The growth of big data and the ever-evolving technology industry are causing overall data center demand to skyrocket – there are over 509,147 data centers worldwide today. This increasing use has, in turn, led to an enormous boom in energy needs (and escalating scrutiny of data center efficiency). But while data centers are a necessary part of today’s technologically-dependent society, they also consume roughly 1.3 percent of all electricity in the world.* There have been great energy efficiency gains in recent years with regards to data center facility operation, but continued emphasis on efficient practices should be a priority for data center managers.
One significant, yet manageable, source of energy and cost consumption in data centers is cooling. As reported by the Green Grid, long-accepted restrictions on data center operating temperatures are now being reconsidered, with new guidelines allowing for temperatures well in excess of 80.6 degrees. No longer needing to adhere to strict thermal ranges, data center mangers now have greater flexibility in choosing more efficient and money-saving cooling solutions. Although old habits are hard to break, putting real savings numbers behind thermostat flexibility can help push managers toward more energy efficient habits.

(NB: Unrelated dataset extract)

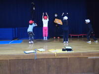 外で行った後、残りの種目は体育館にて行いました。異学年交流が常に可能な本校は、上級生(中学生)が下級生(小学生)の良きお手本となってくれます。とても頼もしい姿であり、そのことから”思いやり”の心が育まれることはうれしいことです。

Schneider Electric’s new infographic, “Cool Smart, Save Smarter,” details savings that can be realized by increasing set point temperature just 1 degree or using a hot-aisle containment strategy. By implementing these smarter cooling techniques, data center managers and operators can quickly see their cost savings and energy efficiency increase dramatically, reaching up to $15,878 in electricity savings in a 1200kW data center, per year. To put this in perspective, these savings can equal everyday consumer expenses such as:
· The cost of 7 years of property taxes for the average U.S. home
· Cost of owning and operating a car in the U.S. for nearly 2 years
· 56 fewer cars on the road
Cooling data centers is a necessary part of keeping equipment from overheating and failing, and thereby reducing downtime, but it doesn’t need to be the energy-intensive, financial burden that it can be. Putting smart cooling strategies to use in data center facilities leads to even greater and smarter energy and cost savings.